Adam of Bremen: Gesta Hammaburgensis Ecclesiae Pontificum
It's interesting, seeing something as well-known and well-mapped as Scandinavia being shown as mysterious, wild and still getting explored (and apparently we had amazons and dogheaded people (and they apparently had each other...)). Also, I find his references to travel time in Scandinavia interesting - admittedly, he never travelled himself, but one of his primary sources was the Danish king Svend Estridsen, so - anyway, most journeys seem relatively short. Even at sea. Which basically confirms the general idea I had formed already (mostly from how Havhingsten fra Glendalough took six weeks (incl. several stops) to get from Roskilde to Dublin, so going from Norway to Lindisfarne, even if you didn't know where exactly you're going, is not going to be a matter of several weeks. It's not a short jaunt, but neither is it going to take months - for crying out loud, England is right there?!

Jussi Adler-Olsen: Kvinden i buret
I don't get the hype. Oh, it's a perfectly decent novel and I want to read the sequels, but I've read so many better books, too. Also, having read this, I really don't want to see the movie - the main character reads as an arsehole and I have no desire to watch him (though I suspect Nikolaj Lie Kaas is well cast, and that's not a compliment).

Peter Adolphsen: År 9 efter Loopet
And my mind is now imagining post-Awakening support groups for Mark's victims forming...

Alan K. Baker: The Feaster From The Stars

Patricia Briggs: Dragon Blood
I find it somewhat ironic, the difference between the treatment of homosexuality in this series and in Richard Morgan's books. RM's books are full of crude terminology (he really should find something other than faggot, if for no other reason than variety) and societies with nasty, nasty ways of treating homosexuals. Patricia Briggs, on the other hand - the only conversation about it in this books actually uses the word homosexual (which is another rant entirely) and while some random non-characters are portrayed as uneasy about it, there doesn't seem to be any wide-spread nastiness.

So, you'd think PB's books would be the better ones, right? Except no, not really - RM has several queer characters - Ringil and Archeth, for instance - and they are pretty tough (they have to be - it's that sort of world), but thing is, their homosexuality is just one aspect of them, not the end all and be all - it has influenced them, sure, or rather, how society has reacted has influenced them, but at the end of the day, they are just people (awesome, dragon slaying, heroic people) who happen to be queer and both of RM's novels has plenty of both nice and nasty queer characters besides (mostly male - though that might just be Ringil being a bit of a, well, nevermind). PB, on the other hand - well, the conversation I mentioned above. The guy involved is a fellow named Garranon and the thing is - I really don't read him as gay or even bisexual. Not really. See, as a child, Garranon ended up a hostage after his noble father was part of a failed rebellion against the evil king (evil, oppressive, nasty, evil king). Now, among his other evil traits, the evil king is a pedophile - so he took Garranon and he put a spell on him to make sure he couldn't leave and then, well. The novels are set about twenty years later and Garranon is a courtier and the king's lover - and has secretly worked against him. He has a wife he loves and a child, but he keeps being called back to the king's presence, still a hostage, basically - and we're told how he hates it and yet doesn't, how he hates that he enjoys the physical aspects and honestly? At the end of the day. I don't read Garranon as gay or even bisexual. I do read him as spectacularly fucked up - oh, and apart from Garranon, the only person shown not to be ordinarily heterosexual is said evil king...
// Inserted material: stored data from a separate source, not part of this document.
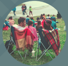
BRING YOUR COMFY CHAIRS

Please RSVP by September 19 at crosspointchino.org/adventure or call 909.606.9833
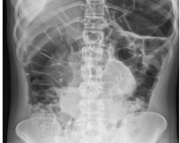
Figure 1. Dilated Colon Segments on Abdominal X-ray

On the patient who underwent laparotomy it was seen that sigmoid colon rotated 2 times around its mesentery and the effected segment showed dilatation and edema. There was not any ischemia and necrosis (Figure 3). Sigmoid colon was detorsioned and upon finding, it was longer than normal, resection of sigmoid colon and end colostomy (Hartmann Procedure) operations were performed. Patient, who did not develop any complications on post-operative follow-ups, was discharged on 5 th day.
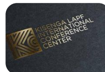
KISENGA INTERNATIONAL CONFERENCE CENTER
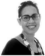
Vivian Brady-Phillips Deputy Mayor City of Jersey City
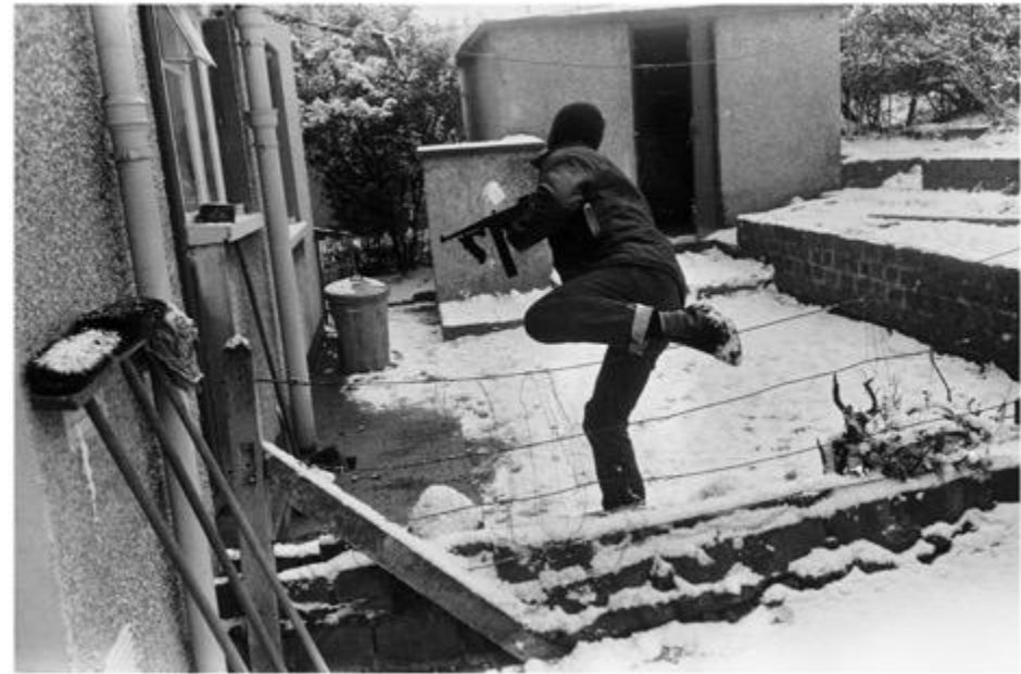
Image 22. Gilles Peress, Whatever You Say, Say Nothing : from the chapter, Days of Struggle
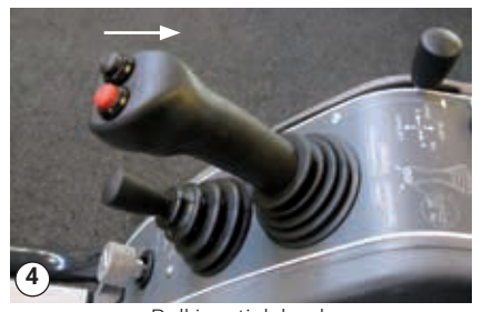
Pull joystick back
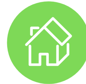
Difficulties Relating to Employment and Housing
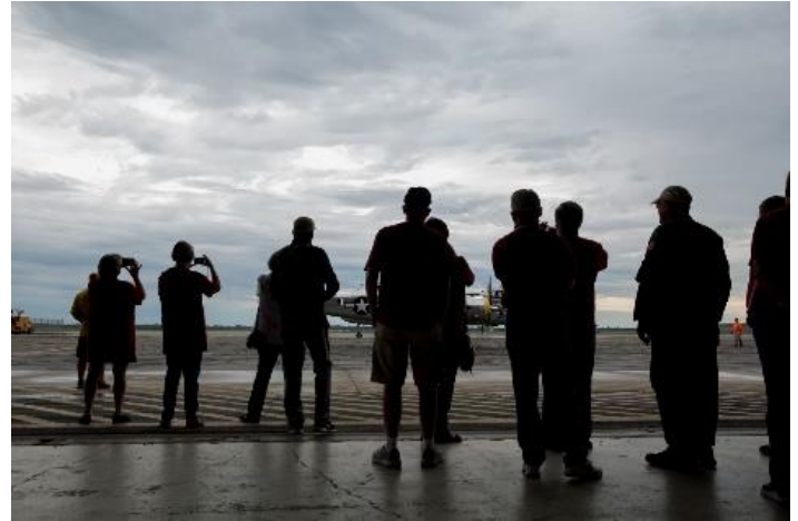
Taxiing at Willow Run
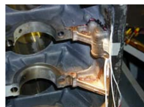
Strain Gauging Steel— Standard Installation
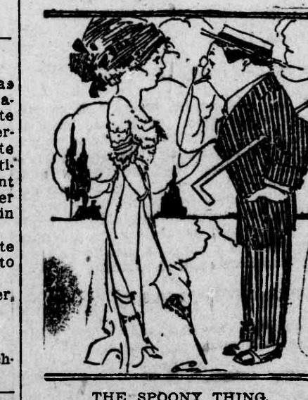
THE SPOONY THING. Jack—"I expect to die hard." Maud—"Then you won't die as you have lived." Jack—"What do you mean?" Maud—"You have the reputation of being pretty soft."

"Where ignorance is bliss 'tis folly to be wise," quoted the Wise Guy. "Yes, especially in the case of the fellow who has more money than he knows what to do with," added the Simple Mug.
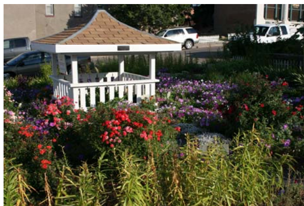
Bell Tower Garden on Pierre Street
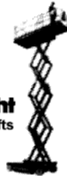
UpRight Scissor Lifts 15' - 50'

Call Today! Rent by the day, week or month! CALL: 409-840-4463 FAX: 409-840-6060
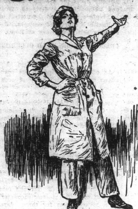
This illustration shows one of the women workers at Port Sunlight in her becoming and workman-like costume.
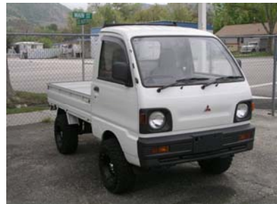
'Utility Type Vehicle'
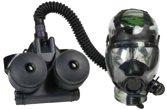
C420 PAPR with Millennium Facepiece and CBRN cartridges

The C420 comes complete with the motor-blower, belt, airflow indicator and breathing tube.
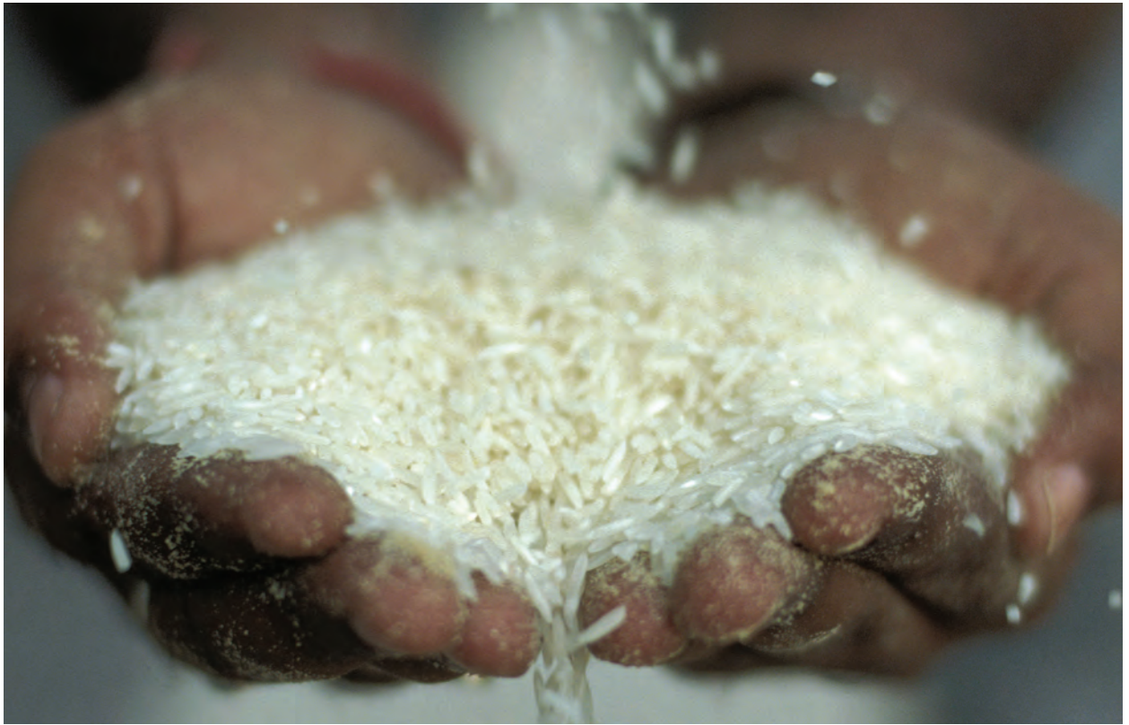
Freshly milled rice, India.

to account for 90 percent of the increase in rice production in Bangladesh between 1988 and 2007. And with this growth in rice production came a decline in the real rice prices facing food-insecure households and ultimately significant reductions in poverty in the country.
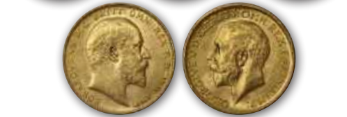
Sovereign Type Set Queen Victoria Young, Jubilee & Veiled Heads, Edward VII and George V VF-UNC $3750.00
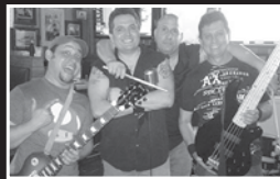
Saturday, June 10 STATIC 7-11 PM
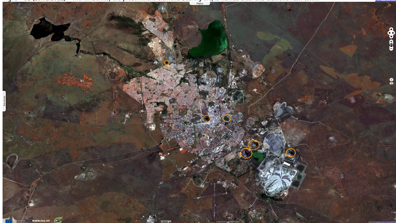
Fig. 4 - S2 (23.02.2022) - Kimberley 'Big Hole', an open-pit & underground mine, claimed to be the deepest hole excavated by hand at 240m.
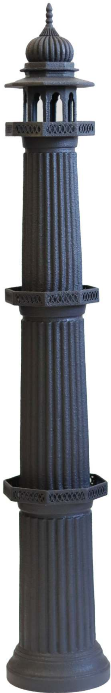
Title: The Belief Beyond III Medium: Deco Paint on HDF, Ply and Wood Size: 31 x 5 (Diameter) (Inches) Year: 2023
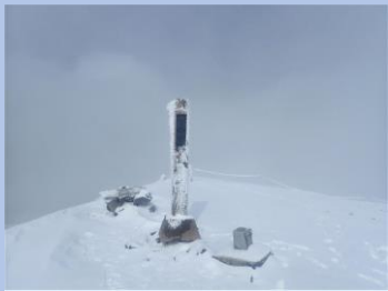
↑ The peak of Asahidake in Oct 7th

The average date of first snowcap in Asahidake is September 25th, but in this year, it was observed late. In mid-October, a lot of snow fell in the hot spring town, It became suddenly a winter scene.
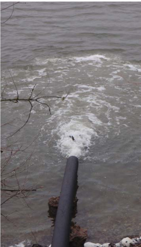
Rainbow trout stocking at Willow Lake

Other local spots for rainbow trout are Moon Lake and Cameron Springs, located on Fort Riley Military Base.
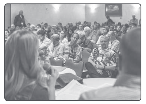
The CML advocacy team discusses the 2019 legislative session with attendees.
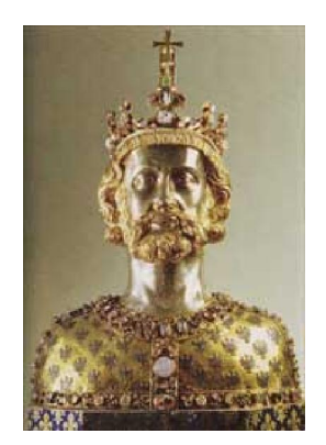
Charlemagne reigned as king of the Franks from 768 to 800, and as unholy Roman emperor from 800 to 813.

Empress Irene (753-803) was the only female to ever rule at Constantinople. She was the Eastern empire's equivalent to Pope Joan.
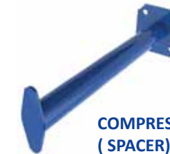
COMPRESSION EQUIPMENT ( SPACER) 25 cm
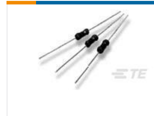
TE Part #9-1879350-3 RR01 5% 1K5 AMMO
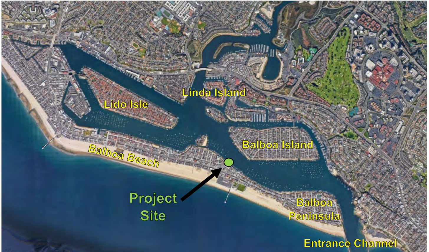
Exhibit 1—Location Map
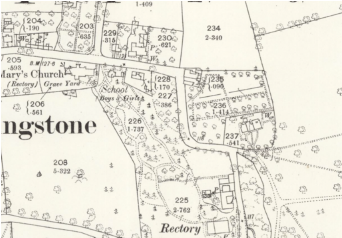
Fig 1. Ordnance Survey '25 inch' Map 1882
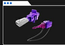
Cybertronian Laser Gun
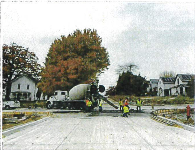
Photo of Streb pouring intersection at 3rd and Washburn; Concrete paving has been completed throughout Phase 2;
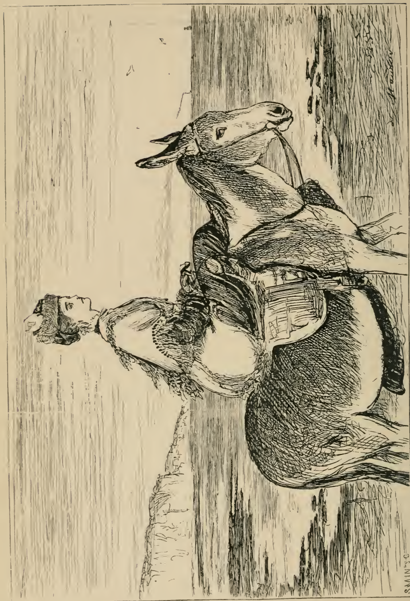
SO ETHELERTA WENT.
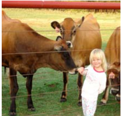
Twin Mountain's contented cows.
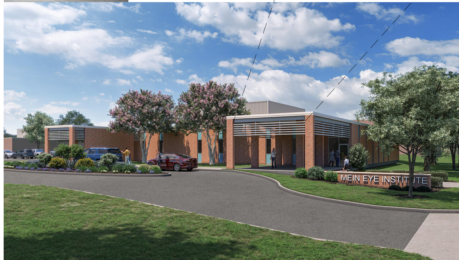
NEW INSULATED TINTED GLAZING
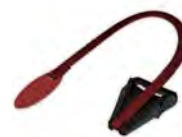
Quick-release cord CARA Full Face WM 25623

You will find more information about our therapy solutions, accessories and mask systems at loewensteinmedical.com

Patricia Briggs: River Marked
Why do these urban fantasy heroines always turn out to be superspecial even by supernatural standards?

Stefan Brink: Vikingarnas slavar: den nordiska träldomen under yngre järnalder och äldsta medeltid
And to conclude, Ragnar is surprisingly nice to Athelstan. Let's him keep his name, doesn't beat him or slice his nostrils open or rape him or sell him to slave traders to take south or anything. Right, anyway, it's an interesting book - the author spends a lot of time pointing out how slavery and slaves have been different things at different times and the Viking age being an oral culture, we don't actually have any decent contemporary sources for something like slavery, just outside descriptions of a few things and sagas and medieval law collections. Anyway, interesting points: one of the different sorts of slaves were the bryte, who was a slave (except when he wasn't), but also seems to have been basically an administrator, who someone powerful could put to run a farm, for instance. You know, like when Ragnar and Lagertha leave Athelstan in charge of the farm...

Anyway, out of all the things to latch on to, my mind sort of likes the whole: slave owners might have made a habit of giving slaves new names. If I ever get around to writing the AU fic where Athelstan doesn't speak Norse, but Ragnar takes him for his slave anyway (and I probably won't, because I think I'd want to write it from Athelstan's POV and my grasp of Old Norse limits itself to looking up the very occasional individual word - though I suppose I could make it work, but I digress), I think I'll have Ragnar call Athelstan Mouse. He's kind of like a mouse, isn't he? *grins, pets Athelstan*

Er der spor? Feminisme, aktivisme og kønsforskning gennem et halvt århundrede
The chapter I found most interesting was the one about how, some fifty years ago, girls were considered the losers of the educational system - because they were "too quiet". Now they've caught up with and even in some areas left the boys far behind - only for the rhetoric nowadays to be all about how terrible it is for the poor, poor boys, who are "too wild" for the "feminized" school. *rolls eyes*

Ian C. Esslemont: Blood and Bone: A Novel of the Malazan Empire

F. Scott Fitzgerald: Fortællinger fra jazztiden

Johannes L. Howard: Johannes Cabal the Necromancer
I liked Horst. Well, and Johannes - a bit. But mostly Horst. You gotta like a vampire who asks his brother (as said brother is busily running away to avoid getting bitten) if it's the homoerotic aspects that's bothering him. Anyway, what annoyed me, though, was that I never quite could place this in time - it feels sort of adrift, if that makes any sense. Eventually, I guessed at present day, except it doesn't feel like it. Not quite.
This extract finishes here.